Concert programme - November 2022

Page 1

2022

Concert

Season

Concert Programme

The Trials of Life

The Victoria Hall Saturday 19th November 2022 7:30pm Conductor Ben Crick Leader Anita Levy

Supported by Friends of Bolton Symphony Orchestra

Soloist Lorna James

I am delighted to be able to welcome you to our final concert of this year our first full season of concerts since the coronavirus restrictions spoiled our plans.

The Orchestra really appreciates your loyalty and confidence in returning to the Victoria Hall to support our music making, and once again this evening we offer you something a bit different!

The evening starts with Francis Poulenc’s La Voix Humaine (‘the human voice’). We are delighted to welcome Lorna James as soprano soloist in the musical development of Jean Cocteau’s play of the same name. The libretto consists of a woman’s last telephone conversation with her lover, who now loves someone else. During the call, the woman reveals that she has attempted to take her own life because her lover has abandoned her.

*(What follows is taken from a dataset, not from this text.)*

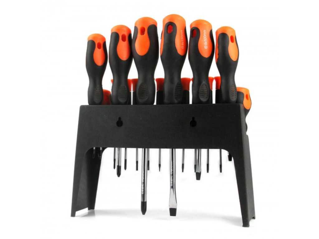 Súprava skrutkovačov CATA dobre poslúži v každej garáži alebo dielni. Priložený stojan uľahčuje skladovanie skrutkovačov. Na zadnej strane stojana sú 2 montážne otvory, ktoré umožňujú zavesiť celú zostavu na stenu.

The loss in La Voix Humaine is inextricably linked to nostalgia for a past that is gone and there is the link between that work and Vaughan Williams’ Pastoral Symphony. Inspired by the composer hearing a distant bugler making a mistake whilst practising, the work laments a lost land and a lost generation in music of gentle pathos and longing but, at the same time, asks a question that is ever pertinent: Do any of us lament what is actually lost or a nostalgic fantasy that never really existed? It is a wonderful work, and I am sure you will love it.

We have a special offer for you…!

For the first time, the Orchestra is offering a single ticket that admits the holder to our entire season. Our 2023 season ticket is available from our website and effectively gives you admission to all six of our concerts for the price of five a potential saving of £12!

Finally, I hope you have a lovely evening and, if you do, please tell your friends!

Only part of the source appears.